(Data entries)
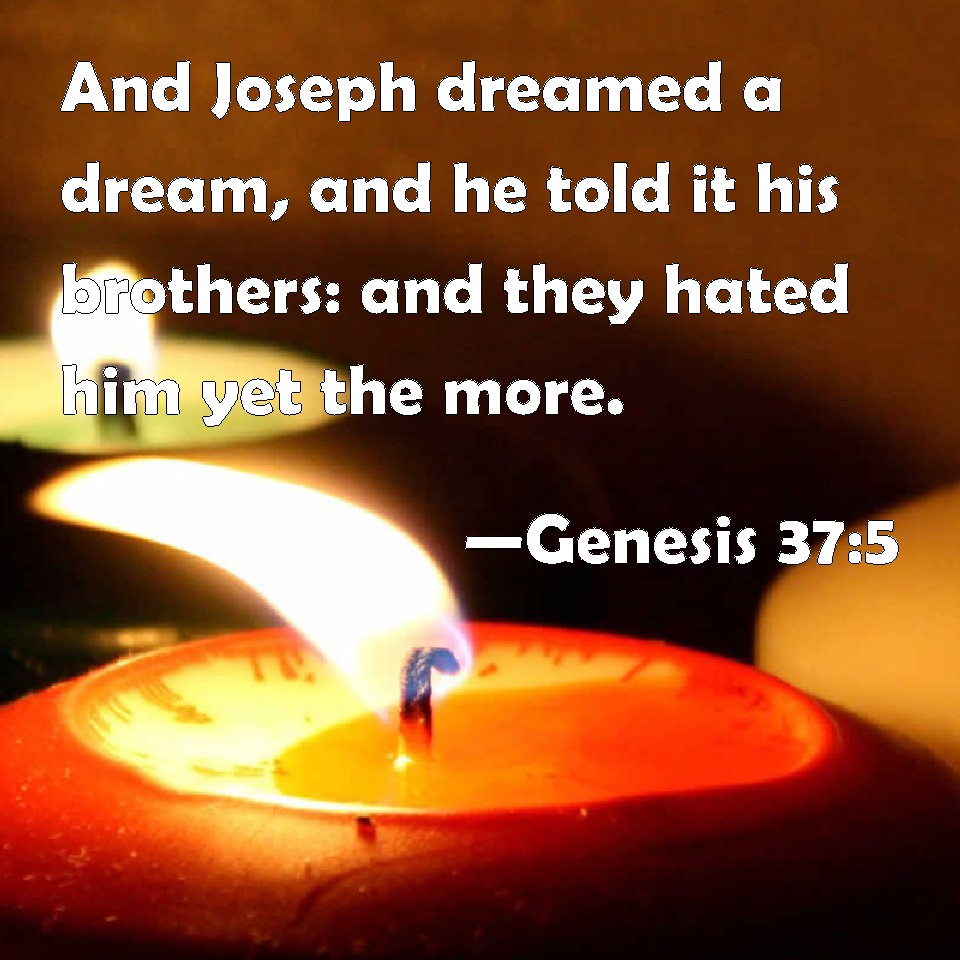 Choose a Background Genesis 37:5 And Joseph dreamed a dream, and he told it his brothers: and they hated him yet the more. KJV: And Joseph dreamed a dream, and he told it his brethren: and they hated him yet the more. DRB: Now it fell out also that he told his brethren a dream, that he had dreamed: which occasioned them to hate him the more. DBT: And Joseph dreamed a dream, and told it to his brethren, and they hated him yet the more. ERV: And Joseph dreamed a dream, and he told it to his brethren: and they hated him yet the more. WBT: And Joseph dreamed a dream, and he told it to his brethren: and they hated him yet the more. WEB: Joseph dreamed a dream, and he told it to his brothers, and they hated him all the more. YLT: And Joseph dreameth a dream, and declareth to his brethren, and they add still more to hate him.Links Genesis 37:5 NIV • Genesis 37:5 NLT • Genesis 37:5 ESV • Genesis 37:5 NASB • Genesis 37:5 KJV • Genesis 37:5 Interlinear • Genesis 37:5 Commentaries • Genesis 37:5 Parallel Texts • Genesis 37:5 Bible Apps • Genesis 37:5 Parallel • Bible Hub |
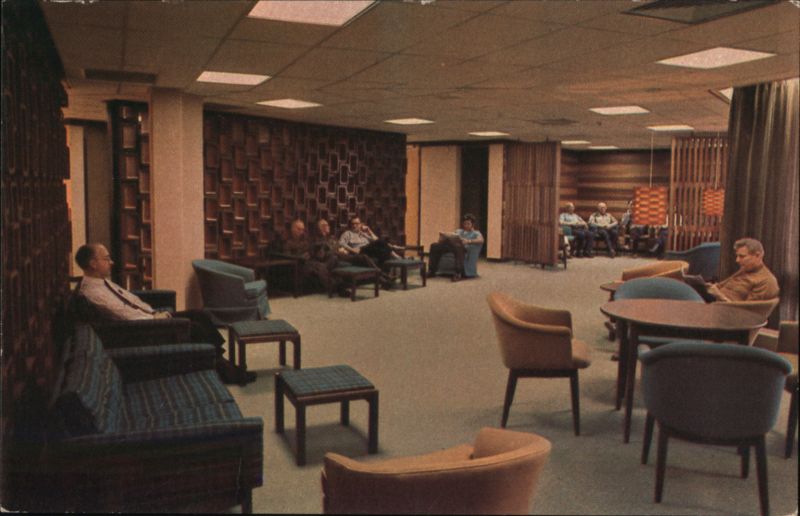 A spacious lounge area with multiple seating arrangements, including upholstered chairs and sofas. Several men are seated, some reading, some conversing. The room features wood paneling and patterned walls.
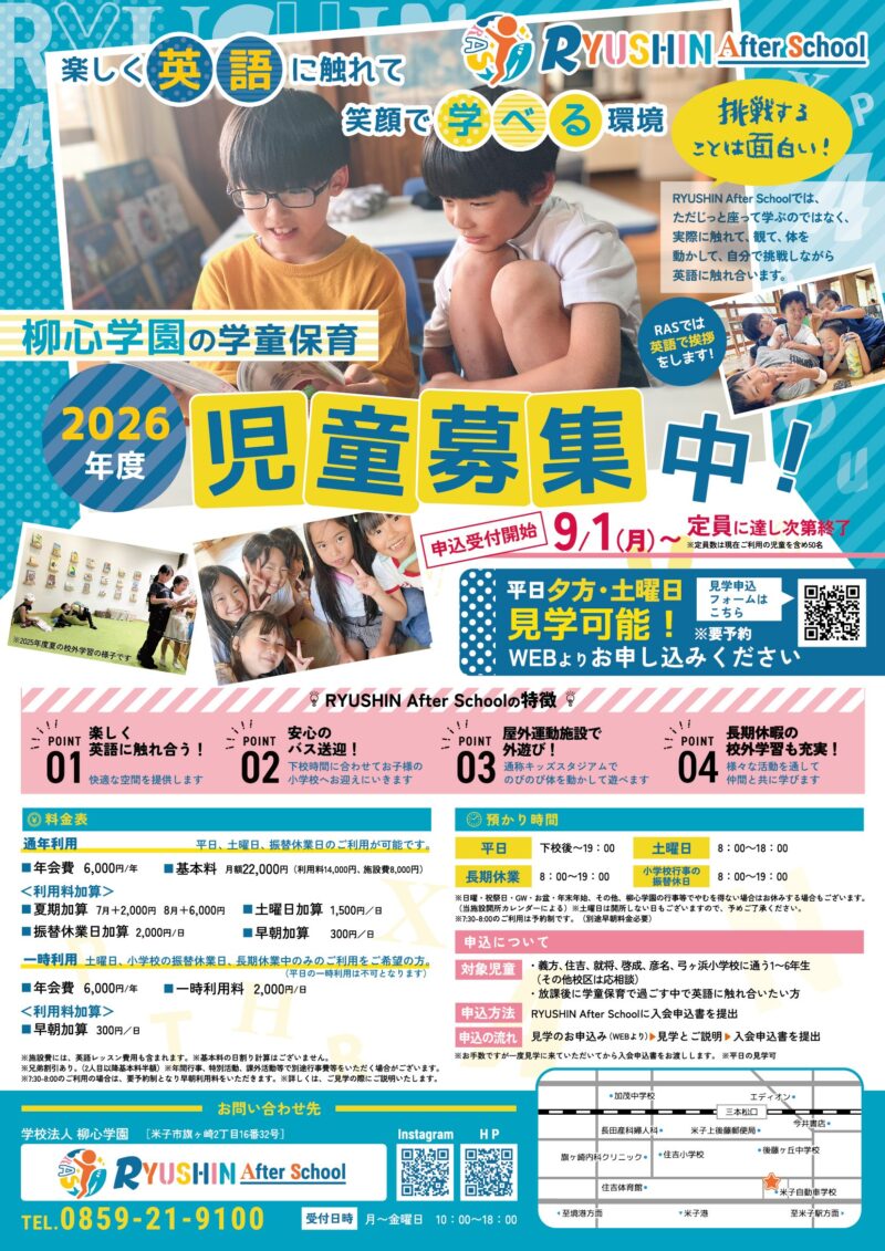 (TEL:0859-21-9100、E-mail :after-school@ryushin.ac.jp)
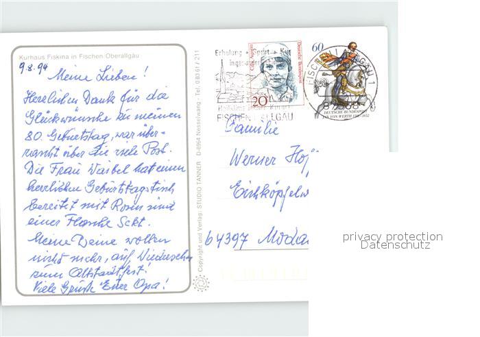 72256869 alte Postkarte Fischen Allgaeu Kurhaus Fiskina Details postalisch gelaufen Erhaltung siehe scans KatCode: 11110009780121
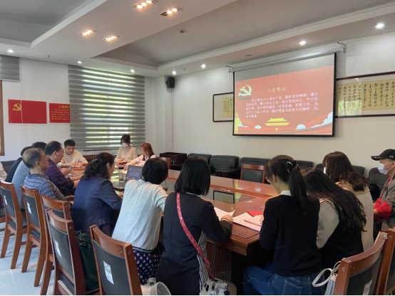 随后,公司党员师生在美术馆会议室举行了5月份主题党日活动。分党委书记成传明同志以党的二十大精神为主题为党员师生讲党课。
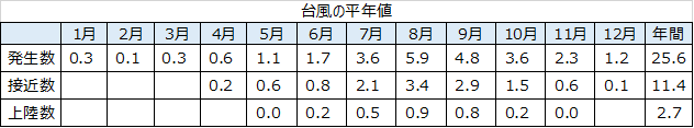 気象庁の1981年から2010年の30年間の、台風の発生数・接近数・上陸数のデータによると、年間の発生数は25.6回、接近数が11.4回、上陸数が2.4回となっています。
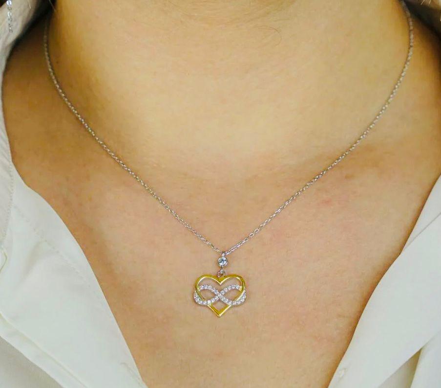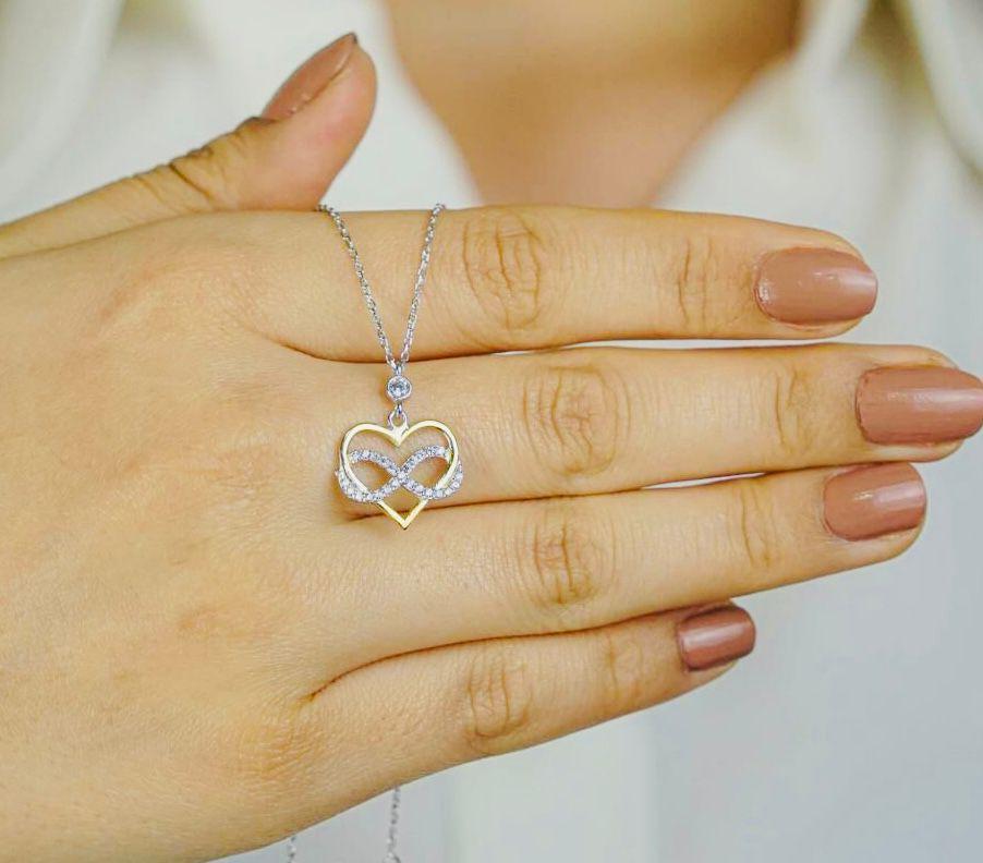 Description This elegant Infinity Heart Necklace symbolizes eternal love and connection. Crafted from 925 sterling silver and adorned with sparkling zircon stones, it’s perfect for everyday wear or as a meaningful gift for someone special. Ships quickly within 1–2 business days.

_Exercise_. Leave the pictures out, and restate exactly the lines from the start of the records through the one that contains "気象庁の1981年から201".

_Response area_.
 Choose a Background Genesis 37:5 And Joseph dreamed a dream, and he told it his brothers: and they hated him yet the more. KJV: And Joseph dreamed a dream, and he told it his brethren: and they hated him yet the more. DRB: Now it fell out also that he told his brethren a dream, that he had dreamed: which occasioned them to hate him the more. DBT: And Joseph dreamed a dream, and told it to his brethren, and they hated him yet the more. ERV: And Joseph dreamed a dream, and he told it to his brethren: and they hated him yet the more. WBT: And Joseph dreamed a dream, and he told it to his brethren: and they hated him yet the more. WEB: Joseph dreamed a dream, and he told it to his brothers, and they hated him all the more. YLT: And Joseph dreameth a dream, and declareth to his brethren, and they add still more to hate him.Links Genesis 37:5 NIV • Genesis 37:5 NLT • Genesis 37:5 ESV • Genesis 37:5 NASB • Genesis 37:5 KJV • Genesis 37:5 Interlinear • Genesis 37:5 Commentaries • Genesis 37:5 Parallel Texts • Genesis 37:5 Bible Apps • Genesis 37:5 Parallel • Bible Hub |
 A spacious lounge area with multiple seating arrangements, including upholstered chairs and sofas. Several men are seated, some reading, some conversing. The room features wood paneling and patterned walls.
 (TEL:0859-21-9100、E-mail :after-school@ryushin.ac.jp)
 72256869 alte Postkarte Fischen Allgaeu Kurhaus Fiskina Details postalisch gelaufen Erhaltung siehe scans KatCode: 11110009780121
 随后,公司党员师生在美术馆会议室举行了5月份主题党日活动。分党委书记成传明同志以党的二十大精神为主题为党员师生讲党课。
 気象庁の1981年から2010年の30年間の、台風の発生数・接近数・上陸数のデータによると、年間の発生数は25.6回、接近数が11.4回、上陸数が2.4回となっています。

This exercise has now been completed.